Hepatocellular carcinoma (HCC) is the fifth leading cause of cancer worldwide, and its incidence is constantly increasing.1,2 There are 13,000–19,000 cases per year in the US and 350,000 to one million cases per year worldwide.3–5 Chronic hepatitis C (HCV) infection and improved survival of patients with cirrhosis seem to account for most of this rising incidence.6

Treatment is dependent on disease status, including size and number of lesions, patient’s hepatic reserve and other co-morbidities. Partial hepatic resection with adequate margins and liver transplantation are potentially curative surgical options for selected patients. However, only 30–40% of patients with HCC qualify for surgery, leaving the rest to pursue non-surgical palliative options.7 In this direction, innovative local ablative therapies for HCC have recently shown great progress and promising results. Among them, transcatheter arterial chemoembolisation is a minimally invasive approach for the palliative treatment of unresectable HCC that constantly evolves, in terms of utilized drugs, embolic materials, technical, and technological advances.

Article:

This article outlines the current status of this imageguided intervention for treatment of HCC and introduces some new concepts and advances in the era of minimally invasive therapy of HCC.

Chemoembolisation Technique
The technique of transcatheter arterial chemoembolisation (TACE) exploits HCC preferential blood supply from the hepatic artery to deliver the anti-tumor therapy, while sparing the surrounding liver parenchyma.8,9 Since TACE was introduced as a palliative treatment in patients with unresectable HCC, it has become one of the most common procedures in interventional radiology. Currently, chemoembolisation is the preferred treatment for unresectable HCC.10–12 TACE is also employed as an adjunctive therapy to liver resection or as a bridge to liver transplantation, as well as prior to radiofrequency ablation (RFA).13–17

TACE involves the injection of chemotherapeutic agents, with or without lipiodol and embolic agents, into the branch of the hepatic artery that feeds the tumor.18 Contraindications to this technique are constantly reviewed.The absence of hepatopedal blood flow (portal vein thrombosis), the presence of encephalopathy and biliary obstruction are currently re-evaluated as absolute contraindications, whereas relative contraindications include a variety of other factors, such as:

• serum bilirubin >2mg/dL;

• lactate dehydrogenase >425U/L;

• aspartate aminotransferase >100U/L;

• tumor burden involving >50% of the liver;

• cardiac or renal insufficiency;

• ascites;

• recent variceal bleeding; or

• significant thrombocytopenia. Several variations of TACE protocols have been used to combat HCC; however, neither the optimal chemotherapeutic agent nor the best embolisation method has yet been established.
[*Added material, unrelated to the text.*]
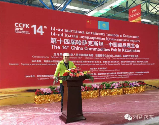 第十四屆哈薩克斯坦——中國商品展覽會于2016年5月20日在哈薩克斯坦阿拉木圖市隆重開幕。為積極落實中央關(guān)于加快推進(jìn)絲綢之路經(jīng)濟(jì)帶建設(shè),加大企業(yè)開拓中亞新興茶葉市場,提升湘益茯茶在中亞各國的品牌優(yōu)勢,新疆新益茶業(yè)有限責(zé)任公司做為兵團(tuán)代表之一向國外客商及消費者展示了湘益牌系列茯磚茶產(chǎn)品并受到一致好評。
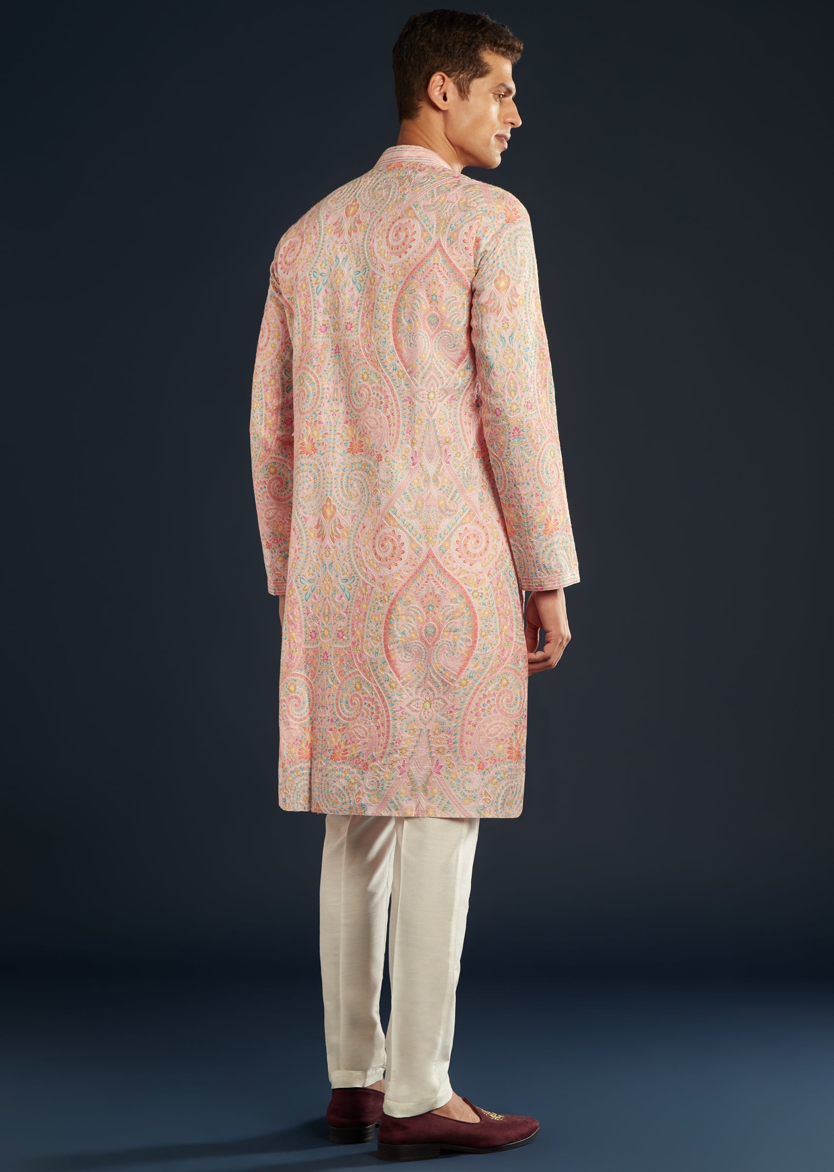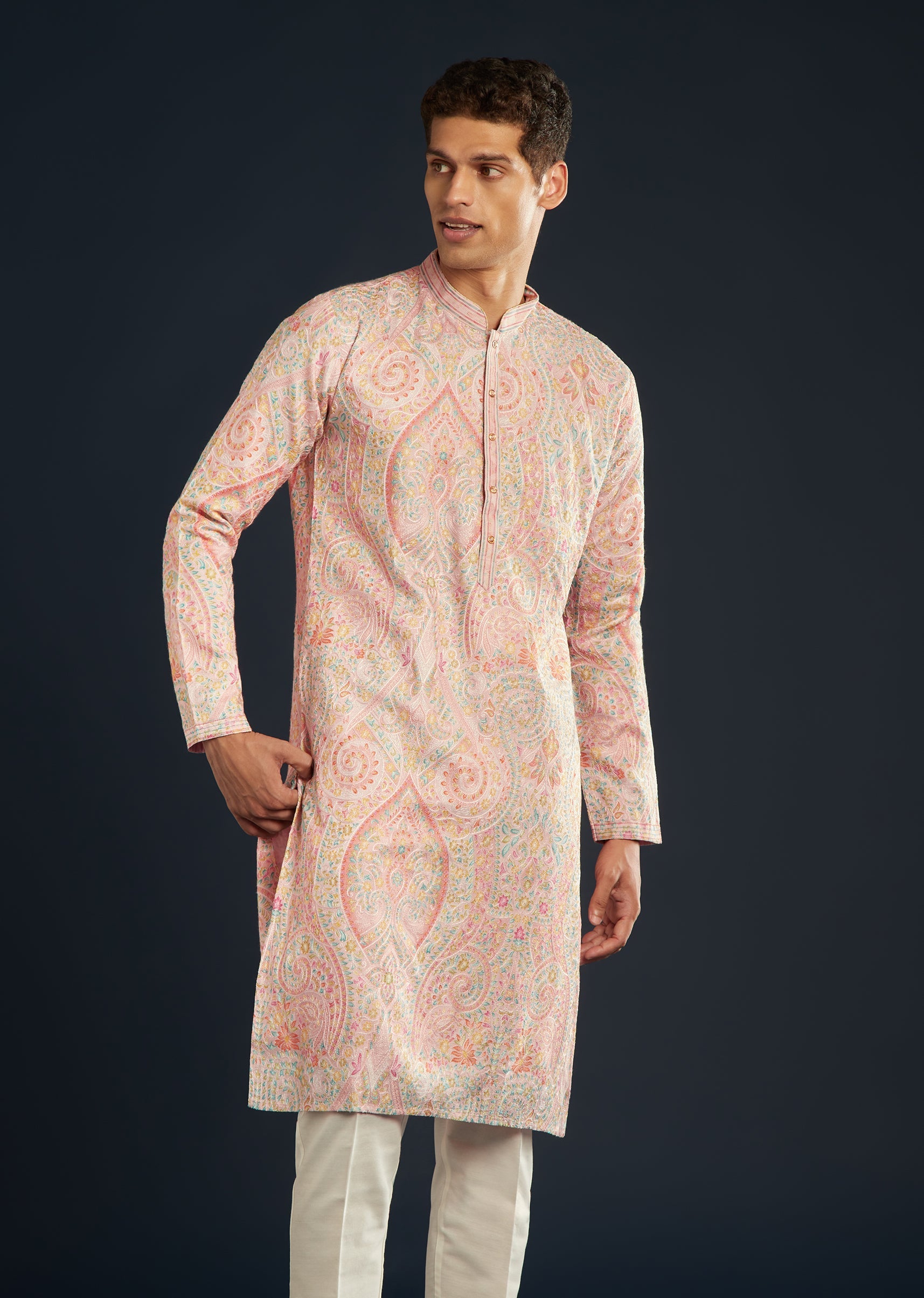 Pink Mens Kurta Set with Resham Thread Embroidery

Non-occlusive and occlusive techniques have been described and single drug therapies or combinations of agents have been used.19 Several types of embolic agents have been utilized in conjunction with lipiodol for chemoembolisation, including gelfoam powder and pledgets, polyvinyl alcohol, starch, and glass microspheres.19

The most widely used single chemotherapeutic agent is doxorubicin and the combination of cisplatin, doxorubicin, and mitomycin C is the most common drug combination infused. The issue of how selectively the catheter should be placed (lobar or segmental) during chemoembolisation remains controversial. In the case of multiple tumors in a single lobe, a less selective approach is preferred, whereas a single lesion may allow a more selective engagement of the feeding vessel. The initial concept of arterial occlusion as part of the chemoembolisation procedure, which simulates surgical arterial ligation, was justified by the fact that some degree of ischemia within a tumor is likely to be synergistic in achieving a tumor response, whereas reduced inflow to tumor extends the effective time period of drug contact with the tumor cells and achieves higher concentrations of the drug regimen. However, several recent studies have shown that tumor ischemia and hypoxia upregulate several molecular factors, such as the vascular endothelial growth factor (VEGF) and hypoxia inducible factor-1 (HIF-1), thereby preventing cell apoptosis, and stimulating tumor metabolism, growth and invasion.20,21 Furthermore, improved tumor response has been shown when chemoembolisation can be repeated multiple times, and the maintenance of long-term arterial patency for repetitive treatment is highly desirable.22,23

Assessing the Effectiveness of TACE
Assessing the effectiveness of TACE is critical in determining the success of treatment. Reduction in tumor size, according to the World Health Organization (WHO) and the Response Evaluation Criteria in Solid Tumors (RECIST),24,25 is the desirable outcome for every chemoembolisation procedure. Tumor enhancement on computed tomography (CT) or magnetic resonance imaging (MRI) may additionally show treatment response, as enhancing portions of the tumor are presumed to be viable, whereas the non-enhancing ones are presumed necrotic.26–28 However, CT scanning after chemoembolisation can be difficult to interpret because of the presence of lipiodol, which, due to its radiopacity, obscures tumor enhancement. Furthermore, functional MRI has recently been utilized as a new means of assessing tumor response by measuring changes in free water content within the tumor. Breakdown of cellular membranes indicate cell death and, as such, can be imaged using functional MRI. An increase in free water content within the tumor will therefore be shown as a bright signal on MRI.29

In the early post-treatment period after TACE, tumors are not expected to change in size despite the fact that they may be non-viable.30,31 Shrinkage of the tumor may take six months or more to meet partial response criteria as defined by RECIST, namely, a decrease in diameter of 25%.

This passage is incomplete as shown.